Make sure that someone reading this notebook can follow along, especially if they're not familiar with this type of machine learning.

@mali-git would probably be happy to send you a couple references that explain it really well. Make sure you include these citation(s) in the notebook, too.

dhimmel commented 3 years ago

I didn't see any info describing hits@k in Train and Evaluate Translational Models.ipynb.

Can you point to somewhere that defines this metric? I am currently understanding it as of the top k predictions, the number that were true positives. But it seems to be a proportion, so maybe its the precision of the top k predictions?

Anyways, I got to this issue because I googled hits@k after I saw it in:

Understanding the Performance of Knowledge Graph Embeddings in Drug Discovery Stephen Bonner, Ian P Barrett, Cheng Ye, Rowan Swiers, Ola Engkvist, Charles Tapley Hoyt, William L Hamilton arXiv (2021-06-08) https://arxiv.org/abs/2105.10488

dhimmel commented 3 years ago

Ah I found the description in https://arxiv.org/abs/2006.13365

Hits@K: Hits@K denotes the ratio of the test triples that have been ranked among the top k triples, i.e.,

So this is the percent of all positives in the top k predictions. This is the same as recall@k?

cthoyt commented 3 years ago

Lucky for you, I am also a life scientist who hates the way computer scientists write about this stuff (even my co-authors of PyKEEN are culprits 😅 ), and I wrote some educational material on this:

https://pykeen.readthedocs.io/en/stable/tutorial/understanding_evaluation.html

Btw I've never seen anyone talk about recall@k. Where did you come across this?

dhimmel commented 3 years ago

Btw I've never seen anyone talk about recall@k. Where did you come across this?

I've seen @eric-czech use this term. Also seems to be somewhat common as per this blog post. @k is denoting the threshold, i.e. top k predictions. And hits/recall is denoting the metric. Recall seems a bit more natural here since it's a proportion whereas the word "hits" implies a count. Finally, there is the precision-recall curve, which is common.

The docs are very helpful! Thanks for writing them up.
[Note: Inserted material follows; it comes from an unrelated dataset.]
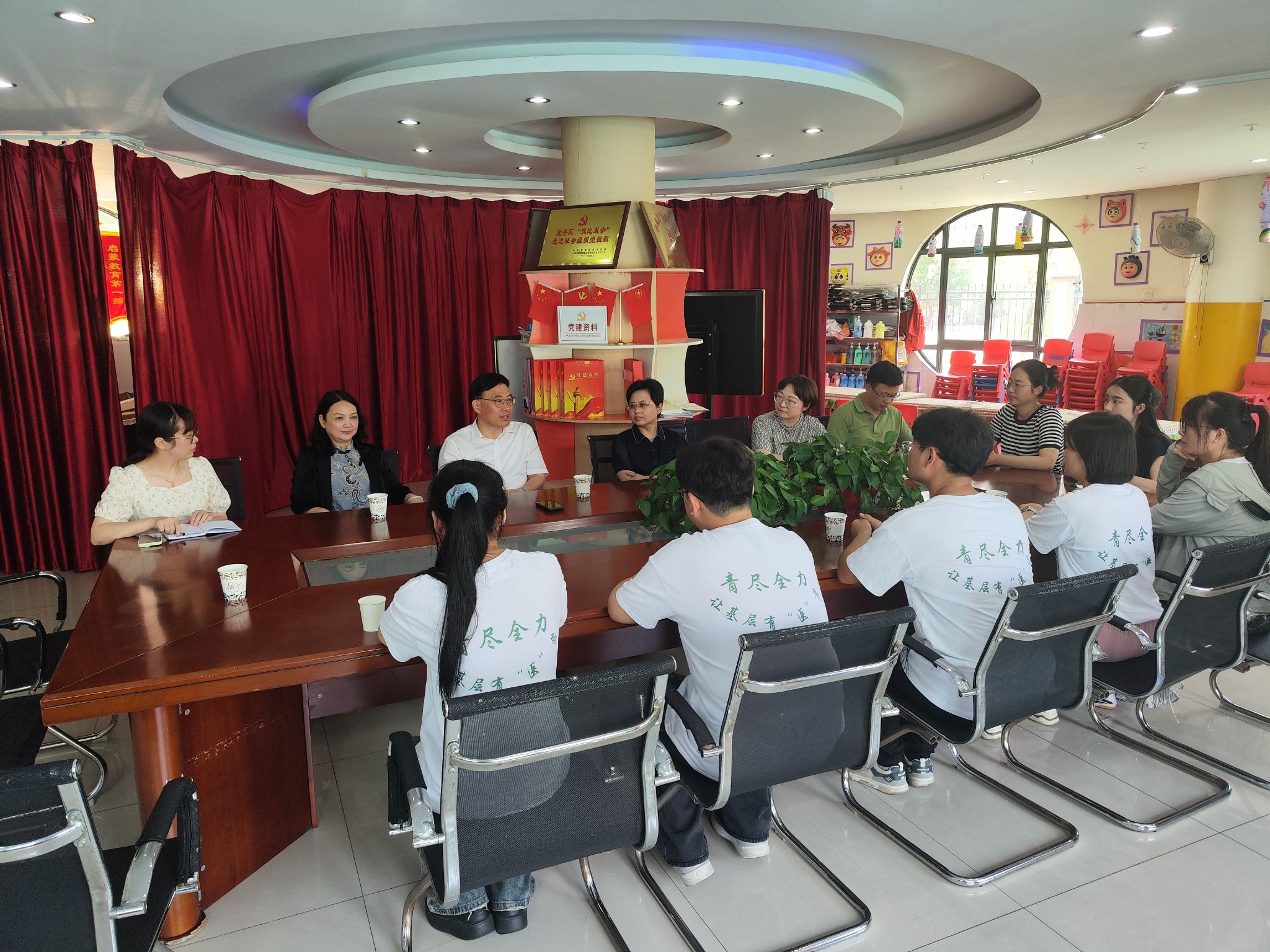 7月2日上午,校党委副书记、校长朱庆丰一行赴安庆市皖红新城名都幼儿园,亲切看望慰问在当地开展社会实践活动的医学院“深耕红土,追光逐梦”实践团师生,实地调研学校暑期“三下乡”活动开展情况。宜秀区委副书记黄震出席,校党委委员、党政办主任陈琪,团宜秀区委、学校团委及医学院党总支负责人陪同调研。

Under hits@k, the following sounds correct:

The hits@k describes the fraction of true entities that appear in the first k entities of the sorted rank list.

However, the next sentence sounds wrong:

For example, if Google shows 20 results on the first page, then the percentage of results that are relevant is the hits@20.

This sentence seems to be describing precision@20 (what percent of the top 20 results are relevant) rather than recall@20.

mhoangvslev commented 2 years ago

@dhimmel I came to the same conclusion as you: Since hit represents the rate of true positives (prediction matches ground-truth) is evaluated over the prediction set, hit@k is equivalent to precision@k.

precision = tp / (tp + fp)
prediction = tp + fp